Record extracts:

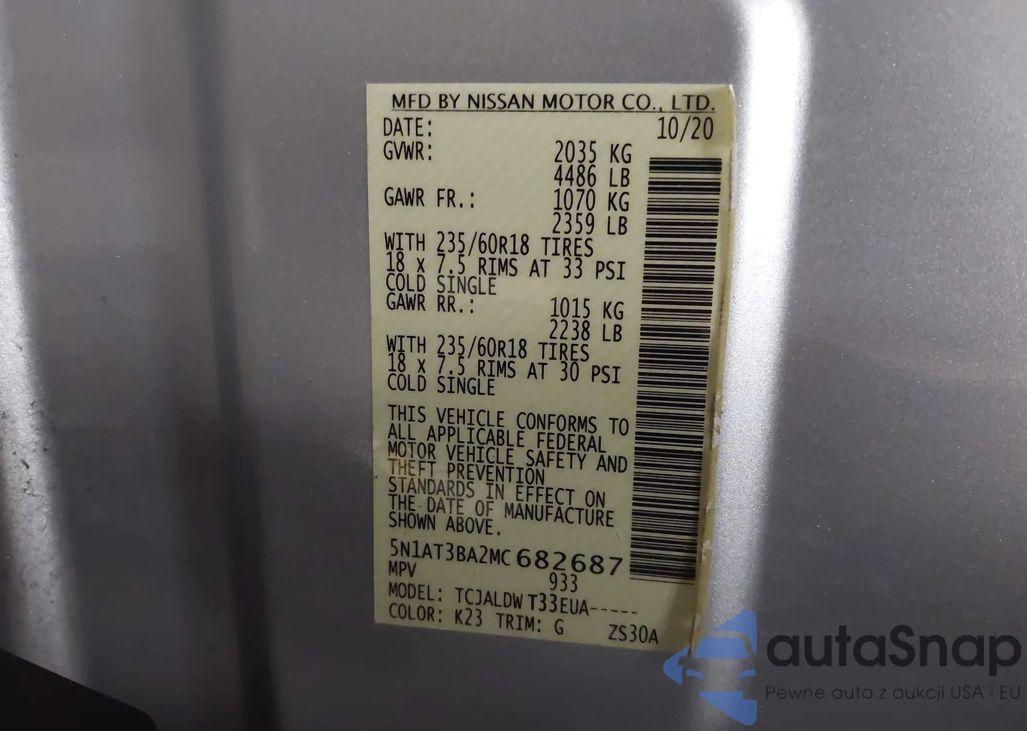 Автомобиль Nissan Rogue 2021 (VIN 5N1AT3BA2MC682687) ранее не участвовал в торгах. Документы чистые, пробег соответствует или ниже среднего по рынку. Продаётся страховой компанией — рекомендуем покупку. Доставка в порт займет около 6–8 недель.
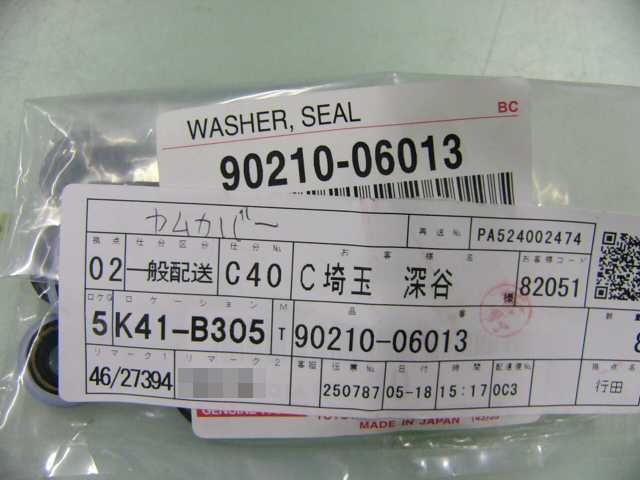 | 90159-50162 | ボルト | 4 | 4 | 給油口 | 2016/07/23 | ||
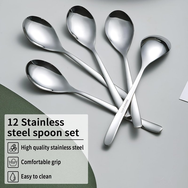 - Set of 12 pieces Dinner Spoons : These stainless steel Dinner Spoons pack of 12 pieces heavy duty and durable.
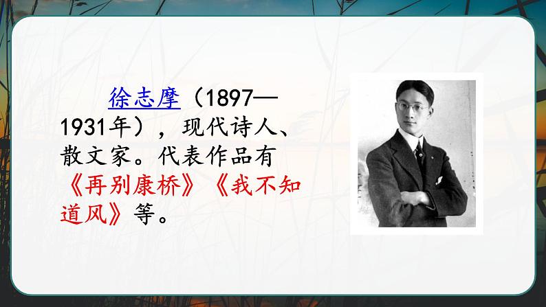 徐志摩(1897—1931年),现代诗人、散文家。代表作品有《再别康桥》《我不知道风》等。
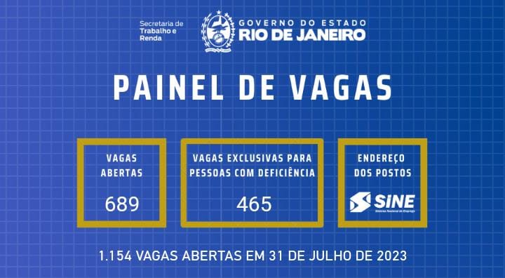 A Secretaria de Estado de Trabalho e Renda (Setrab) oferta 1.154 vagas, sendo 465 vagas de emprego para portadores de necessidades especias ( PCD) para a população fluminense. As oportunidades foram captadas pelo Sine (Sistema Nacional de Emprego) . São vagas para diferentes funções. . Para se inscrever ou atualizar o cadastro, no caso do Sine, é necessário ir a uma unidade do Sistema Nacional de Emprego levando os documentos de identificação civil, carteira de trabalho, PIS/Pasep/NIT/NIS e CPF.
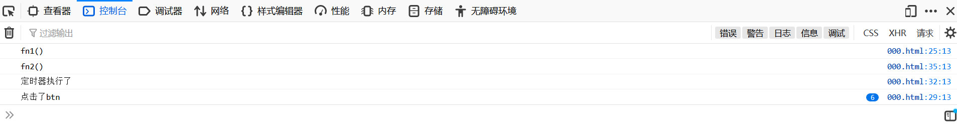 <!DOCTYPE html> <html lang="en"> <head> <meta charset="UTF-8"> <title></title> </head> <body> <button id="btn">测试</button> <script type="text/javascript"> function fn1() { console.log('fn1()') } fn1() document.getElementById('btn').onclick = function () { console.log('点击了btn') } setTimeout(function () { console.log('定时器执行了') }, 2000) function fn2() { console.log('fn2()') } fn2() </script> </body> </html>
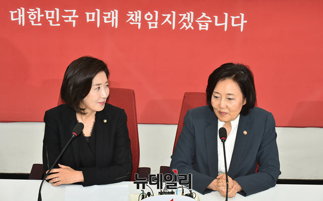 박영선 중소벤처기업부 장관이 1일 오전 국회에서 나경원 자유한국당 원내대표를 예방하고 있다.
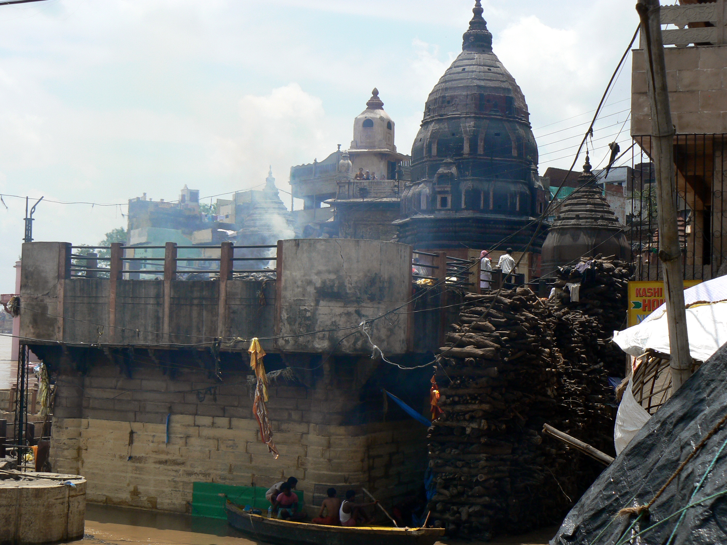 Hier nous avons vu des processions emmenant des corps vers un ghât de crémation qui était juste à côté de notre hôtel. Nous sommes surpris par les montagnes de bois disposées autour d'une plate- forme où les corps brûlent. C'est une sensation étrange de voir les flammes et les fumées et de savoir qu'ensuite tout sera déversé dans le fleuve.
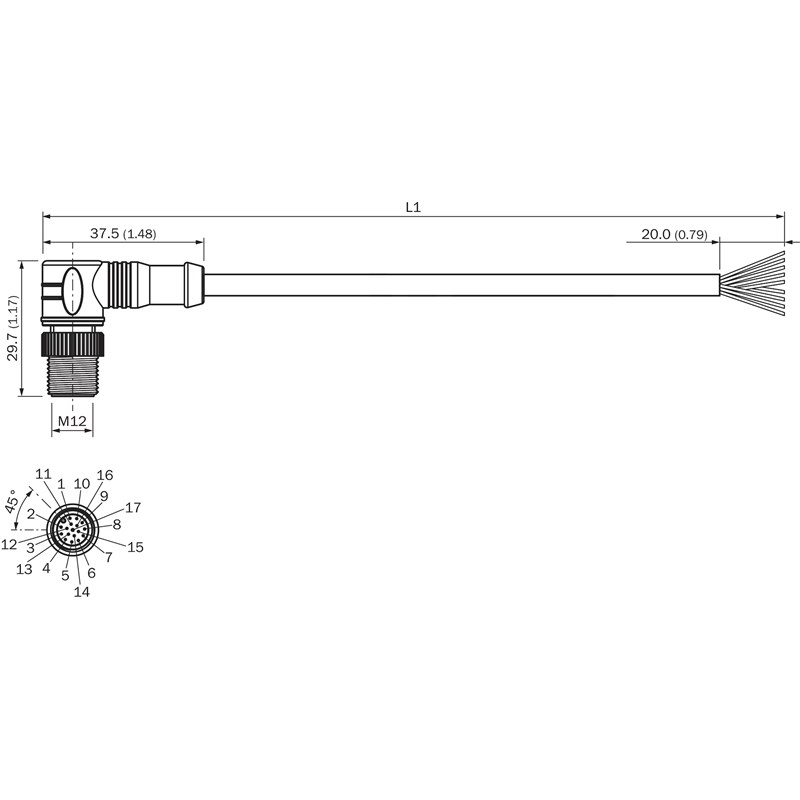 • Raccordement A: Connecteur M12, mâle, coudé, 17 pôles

Aim of the task: Only the lines from the one with "박영선 중소벤처기업부 장관이" through the end of the listing above should be output, exactly as written and with no pictures.

Exercise output:
 박영선 중소벤처기업부 장관이 1일 오전 국회에서 나경원 자유한국당 원내대표를 예방하고 있다.
 Hier nous avons vu des processions emmenant des corps vers un ghât de crémation qui était juste à côté de notre hôtel. Nous sommes surpris par les montagnes de bois disposées autour d'une plate- forme où les corps brûlent. C'est une sensation étrange de voir les flammes et les fumées et de savoir qu'ensuite tout sera déversé dans le fleuve.
 • Raccordement A: Connecteur M12, mâle, coudé, 17 pôles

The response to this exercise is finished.